What is needed » A verbatim reproduction of the following listing is required; omit the pictures.

Recorded data »
=== Begin Enclosure ===
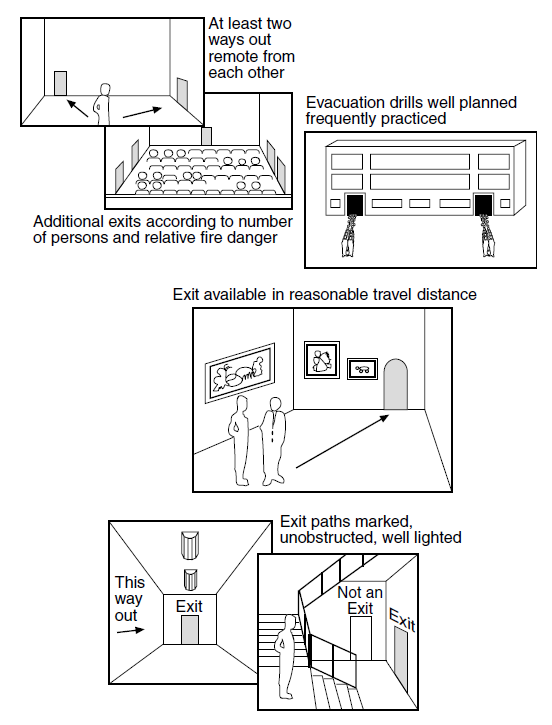 1. 足够数量妥善设计的畅通的逃生手段,有足够的容量和安排。
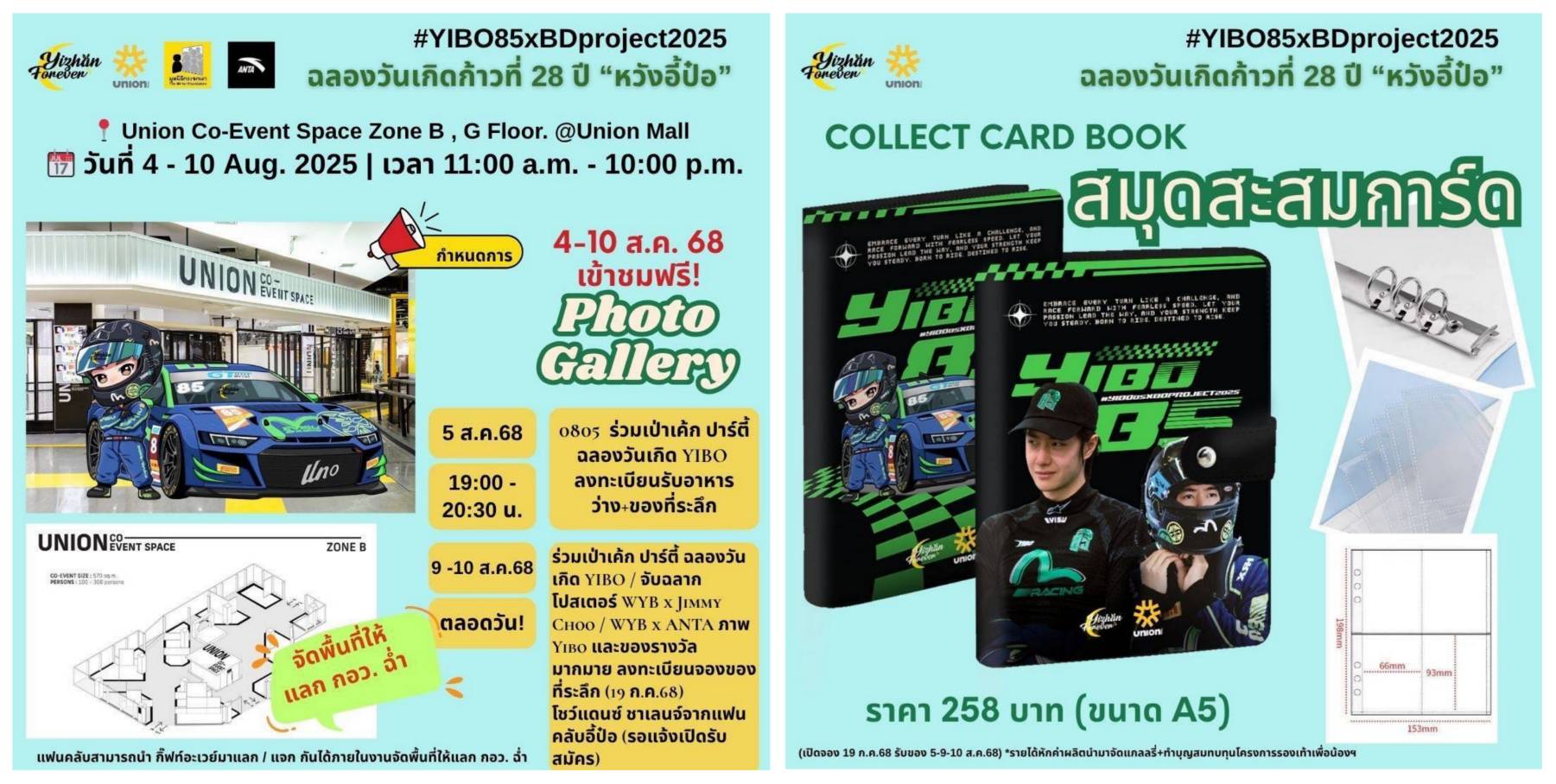 พลังรักแห่งแฟนคลับ “หวังอี้ป๋อ” โดยกลุ่ม YiZhan Forever TH Fans ร่วมกับ UNION MALL และแบรนด์ ANTA Thailand และ SF CINEMA จัดกิจกรรมแฮปปี้เบิร์ดเดย์ ฉลองก้าวที่ 28 ปี “หวังอี้ป๋อ” มอบรองเท้านี้เพื่อน้องในถิ่นทุรกันดาร ให้กับมูลนิธิกระจกเงา งานนี้จัดระหว่างวันที่ 4 – 10 สิงหาคม 2568 มีกิจกรรมมากมายให้เหล่าเอฟซี หวังอี้ป๋อ นักแสดงหนุ่มสุดหล่อแดนมังกรได้มาเอนจอยในอีเวนต์สุดปังแห่งปี กิจกรรมเยอะฉ่ำ ๆ เริ่มตั้งแต่
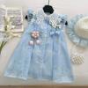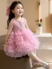 Ropa infantil europea y americana, vestido de niña rosa con flores tridimensionales, vestido de princesa sin mangas con lazo, ropa de actuación infantil
=== End Enclosure ===
Your response »
 1. 足够数量妥善设计的畅通的逃生手段,有足够的容量和安排。
 พลังรักแห่งแฟนคลับ “หวังอี้ป๋อ” โดยกลุ่ม YiZhan Forever TH Fans ร่วมกับ UNION MALL และแบรนด์ ANTA Thailand และ SF CINEMA จัดกิจกรรมแฮปปี้เบิร์ดเดย์ ฉลองก้าวที่ 28 ปี “หวังอี้ป๋อ” มอบรองเท้านี้เพื่อน้องในถิ่นทุรกันดาร ให้กับมูลนิธิกระจกเงา งานนี้จัดระหว่างวันที่ 4 – 10 สิงหาคม 2568 มีกิจกรรมมากมายให้เหล่าเอฟซี หวังอี้ป๋อ นักแสดงหนุ่มสุดหล่อแดนมังกรได้มาเอนจอยในอีเวนต์สุดปังแห่งปี กิจกรรมเยอะฉ่ำ ๆ เริ่มตั้งแต่
 Ropa infantil europea y americana, vestido de niña rosa con flores tridimensionales, vestido de princesa sin mangas con lazo, ropa de actuación infantil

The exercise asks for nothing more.